What is expected: Make an exact copy, from the records below, of the lines from the line containing "そして3年生は体育、「タグラ" to the line containing "Это животное вполне", both lines included, excluding pictures.

Data to examine:
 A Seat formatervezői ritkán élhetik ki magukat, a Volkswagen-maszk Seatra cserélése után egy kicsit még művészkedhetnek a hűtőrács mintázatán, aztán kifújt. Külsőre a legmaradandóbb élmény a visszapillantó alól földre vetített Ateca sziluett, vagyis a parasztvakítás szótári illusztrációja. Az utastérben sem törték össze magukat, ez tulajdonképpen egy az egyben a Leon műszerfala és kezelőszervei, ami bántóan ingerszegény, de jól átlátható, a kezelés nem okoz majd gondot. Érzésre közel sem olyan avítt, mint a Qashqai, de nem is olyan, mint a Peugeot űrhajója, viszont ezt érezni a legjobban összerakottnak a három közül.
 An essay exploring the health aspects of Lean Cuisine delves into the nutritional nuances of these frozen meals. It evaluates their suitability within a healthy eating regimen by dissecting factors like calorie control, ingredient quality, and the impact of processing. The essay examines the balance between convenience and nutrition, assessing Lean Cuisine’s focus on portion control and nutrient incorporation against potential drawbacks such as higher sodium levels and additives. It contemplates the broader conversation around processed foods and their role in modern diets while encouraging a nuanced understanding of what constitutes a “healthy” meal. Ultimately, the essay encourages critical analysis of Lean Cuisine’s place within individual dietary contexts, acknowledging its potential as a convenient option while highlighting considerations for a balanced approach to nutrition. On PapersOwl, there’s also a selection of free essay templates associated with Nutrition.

---

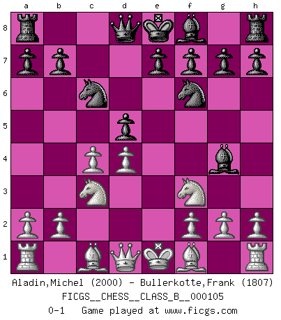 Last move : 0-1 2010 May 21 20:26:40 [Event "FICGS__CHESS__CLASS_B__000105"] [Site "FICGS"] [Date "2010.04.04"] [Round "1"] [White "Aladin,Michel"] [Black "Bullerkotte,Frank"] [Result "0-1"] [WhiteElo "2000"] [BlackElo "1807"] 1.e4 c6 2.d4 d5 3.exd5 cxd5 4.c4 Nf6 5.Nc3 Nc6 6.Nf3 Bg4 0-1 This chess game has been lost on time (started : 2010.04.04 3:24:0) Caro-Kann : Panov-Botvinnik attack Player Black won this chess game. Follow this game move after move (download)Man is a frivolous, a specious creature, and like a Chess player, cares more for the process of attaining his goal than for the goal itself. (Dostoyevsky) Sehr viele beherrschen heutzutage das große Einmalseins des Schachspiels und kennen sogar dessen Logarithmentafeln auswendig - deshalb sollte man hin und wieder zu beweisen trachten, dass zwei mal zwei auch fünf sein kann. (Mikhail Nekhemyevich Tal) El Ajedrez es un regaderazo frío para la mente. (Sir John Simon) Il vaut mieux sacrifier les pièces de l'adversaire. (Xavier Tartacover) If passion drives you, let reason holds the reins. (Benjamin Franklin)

==

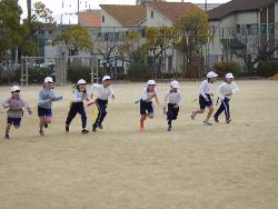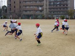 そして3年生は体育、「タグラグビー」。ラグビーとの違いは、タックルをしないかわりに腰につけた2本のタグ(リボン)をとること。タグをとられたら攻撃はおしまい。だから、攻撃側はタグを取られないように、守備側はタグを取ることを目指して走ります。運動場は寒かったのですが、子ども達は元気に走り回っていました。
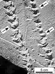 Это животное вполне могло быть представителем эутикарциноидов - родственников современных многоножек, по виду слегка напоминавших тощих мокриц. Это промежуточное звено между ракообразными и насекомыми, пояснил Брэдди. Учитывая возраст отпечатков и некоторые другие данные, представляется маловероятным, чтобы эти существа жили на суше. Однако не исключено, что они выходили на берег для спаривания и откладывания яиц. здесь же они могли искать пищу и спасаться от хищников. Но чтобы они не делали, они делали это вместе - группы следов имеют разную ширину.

Response to the exercise:
 そして3年生は体育、「タグラグビー」。ラグビーとの違いは、タックルをしないかわりに腰につけた2本のタグ(リボン)をとること。タグをとられたら攻撃はおしまい。だから、攻撃側はタグを取られないように、守備側はタグを取ることを目指して走ります。運動場は寒かったのですが、子ども達は元気に走り回っていました。
 Это животное вполне могло быть представителем эутикарциноидов - родственников современных многоножек, по виду слегка напоминавших тощих мокриц. Это промежуточное звено между ракообразными и насекомыми, пояснил Брэдди. Учитывая возраст отпечатков и некоторые другие данные, представляется маловероятным, чтобы эти существа жили на суше. Однако не исключено, что они выходили на берег для спаривания и откладывания яиц. здесь же они могли искать пищу и спасаться от хищников. Но чтобы они не делали, они делали это вместе - группы следов имеют разную ширину.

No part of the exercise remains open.